To view this dashboard template rendered in Voila click [here](https://hub.comp-teach.qmul.ac.uk/user/ec25256/voila/render/diy-covid19dash/Dashboard.ipynb?).

In [1]:
from IPython.display import clear_output, Markdown, display # added to show descriptive text above each graph that renders correctly in Voila. Standard markdown cells were not working
import ipywidgets as wdg
import pandas as pd
import numpy as np
import matplotlib.pyplot as plt
import requests
import time
import json
import warnings # FutureWarnings related to downcasting in pandas .fillna/.ffill/.bfill kept appearing, so I suppressed these for a cleaner dashboard on the code side.

In [2]:
%matplotlib inline
# make figures larger
plt.rcParams['figure.dpi'] = 100

In [3]:
warnings.simplefilter(action = "ignore", category = FutureWarning) # This is how I suppressed the warnings, as they were interrupting the sequence of cells.

In [4]:
class APIwrapper:
    _access_point="https://api.ukhsa-dashboard.data.gov.uk"
    _last_access=0.0
    
    def __init__(self, theme, sub_theme, topic, geography_type, geography, metric):
        """ Init the APIwrapper object, constructing the endpoint from the structure
        parameters """
        url_path=(f"/themes/{theme}/sub_themes/{sub_theme}/topics/{topic}/geography_types/" +
                  f"{geography_type}/geographies/{geography}/metrics/{metric}")
        self._start_url=APIwrapper._access_point+url_path
        self._filters=None
        self._page_size=-1
        self.count=None

    def get_page(self, filters={}, page_size=5):
        """ Access the API and download the next page of data.

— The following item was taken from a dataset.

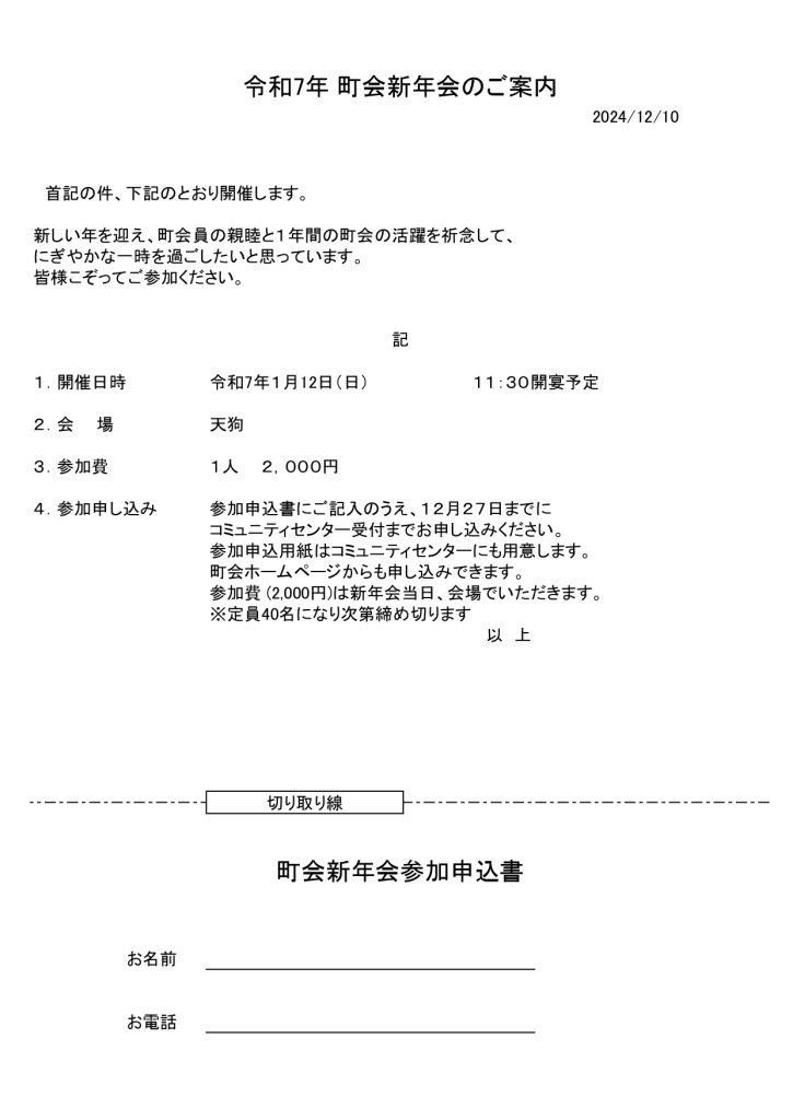 【12/27締切ました】令和7年 町会新年会のご案内
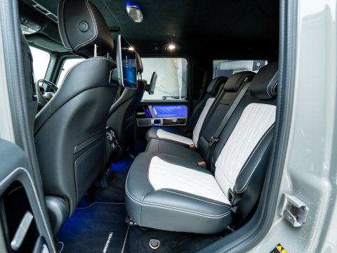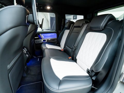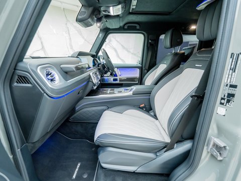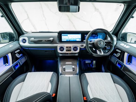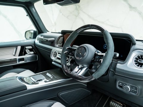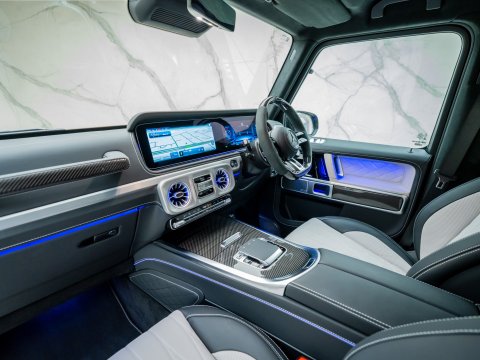 The 2024 Facelift G63 has received subtle design changes such as a more aggressive front bumper and new locations for parking cameras. The interior has also been upgraded, featuring the new generation AMG Performance steering wheel and Mercedes' latest MBUX infotainment and twin 12.3-inch screens, with the infotainment system now touchscreen. The biggest change to the 2024 G63 AMG is the new AMG Active Ride Control suspension system, replacing the previous suspension with a hydraulic system which allows for a more stable and smooth ride and overall a much more sure-footed handling experience than previous generations. The new suspension and software introduces two additional driving modes; AMG Traction PRO and AMG Active Balance Control.

Sets the count
        attribute to the total number of items available for this query. Changing
        filters or page_size will cause get_page to restart from page 1. Rate
        limited to three request per second. The page_size parameter sets the number
        of data points in one response page (maximum 365); use the default value 
        for debugging your structure and filters. """
        if page_size>365:
            raise ValueError("Max supported page size is 365")
        if filters!=self._filters or page_size!=self._page_size:
            self._filters=filters
            self._page_size=page_size
            self._next_url=self._start_url
        if self._next_url==None: 
            return []
        curr_time=time.time()
        deltat=curr_time-APIwrapper._last_access
        if deltat<0.33:
            time.sleep(0.33-deltat)
        APIwrapper._last_access=curr_time
        parameters={x: y for x, y in filters.items() if y!=None}
        parameters['page_size']=page_size
        response = requests.get(self._next_url, params=parameters).json()
        self._next_url=response['next']
        self.count=response['count']
        return response['results'] 

    def get_all_pages(self, filters={}, page_size=365):
        """ Access the API and download all available data pages of data. Sets the count
        attribute to the total number of items available for this query. API access rate
        limited to three request per second. The page_size parameter sets the number
        of data points in one response page (maximum 365), and controls the trade-off
        between time to load a page and number of pages; the default should work well 
        in most cases. The number of items returned should in any case be equal to 
        the count attribute. """
        data=[]
        while True:
            next_page=self.get_page(filters, page_size)
            if next_page==[]:
                break
            data.extend(next_page)
        return data

In [5]:
# the below the data structures for the dashboard, each key corresponds to a dataset.
jsondata = {
    "measles_weekly_cases": [],
    "mmr1_coverage": [],
    "mmr2_coverage": []
}

# Created some helper functions to load them
def load_json_file(filename):
    try:
        with open(filename, "rt") as f:
            return json.load(f)
    except FileNotFoundError:
        return []

def save_json_file(data, filename):
    try:
        with open(filename, "wt") as f:
            json.dump(data, f)
    except Exception as e:
        print(f"Error saving {filename}: {e}")

In [6]:
# Measles regions in the UKHSA data
measles_regions = ["East Midlands", "East of England", "London", "North East", 
                   "North West", "South East", "South West", "West Midlands", "Yorkshire and Humber"]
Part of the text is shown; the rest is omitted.